§ **Dataset content**:
* * *
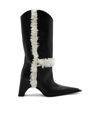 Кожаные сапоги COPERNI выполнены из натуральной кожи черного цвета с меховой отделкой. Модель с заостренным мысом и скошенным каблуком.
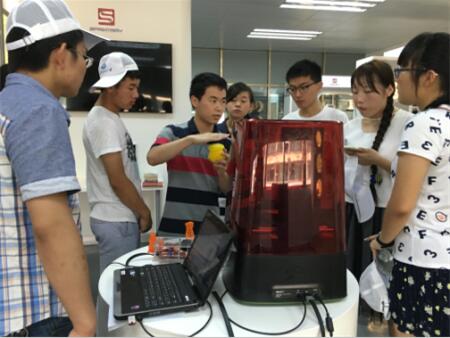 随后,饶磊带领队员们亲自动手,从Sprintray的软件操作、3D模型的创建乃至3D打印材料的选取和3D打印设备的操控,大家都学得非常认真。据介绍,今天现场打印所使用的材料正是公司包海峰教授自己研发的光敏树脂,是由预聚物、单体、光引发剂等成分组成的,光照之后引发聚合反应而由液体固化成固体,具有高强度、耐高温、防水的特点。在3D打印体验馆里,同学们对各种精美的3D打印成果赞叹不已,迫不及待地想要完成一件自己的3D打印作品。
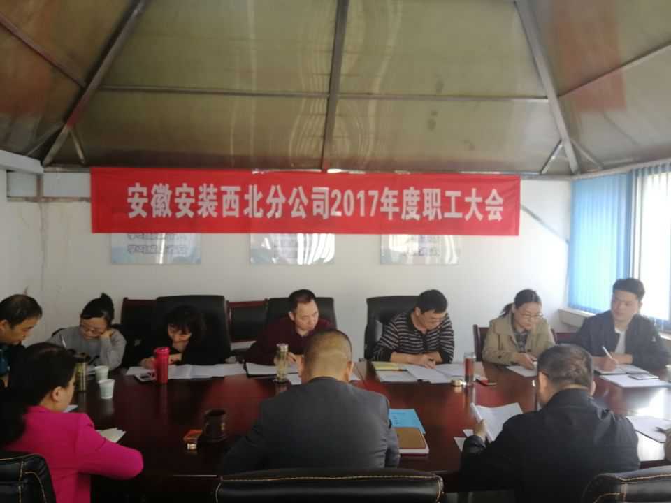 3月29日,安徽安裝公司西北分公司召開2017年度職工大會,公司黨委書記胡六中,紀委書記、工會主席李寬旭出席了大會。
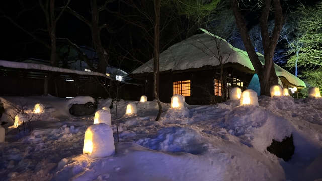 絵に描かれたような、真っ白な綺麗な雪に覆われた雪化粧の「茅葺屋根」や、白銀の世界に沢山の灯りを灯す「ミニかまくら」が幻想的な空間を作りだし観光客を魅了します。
* * *
§ **What this task involves**: Copy out the listing word for word and skip its pictures.

§ **Answer for the task**:
 Кожаные сапоги COPERNI выполнены из натуральной кожи черного цвета с меховой отделкой. Модель с заостренным мысом и скошенным каблуком.
 随后,饶磊带领队员们亲自动手,从Sprintray的软件操作、3D模型的创建乃至3D打印材料的选取和3D打印设备的操控,大家都学得非常认真。据介绍,今天现场打印所使用的材料正是公司包海峰教授自己研发的光敏树脂,是由预聚物、单体、光引发剂等成分组成的,光照之后引发聚合反应而由液体固化成固体,具有高强度、耐高温、防水的特点。在3D打印体验馆里,同学们对各种精美的3D打印成果赞叹不已,迫不及待地想要完成一件自己的3D打印作品。
 3月29日,安徽安裝公司西北分公司召開2017年度職工大會,公司黨委書記胡六中,紀委書記、工會主席李寬旭出席了大會。
 絵に描かれたような、真っ白な綺麗な雪に覆われた雪化粧の「茅葺屋根」や、白銀の世界に沢山の灯りを灯す「ミニかまくら」が幻想的な空間を作りだし観光客を魅了します。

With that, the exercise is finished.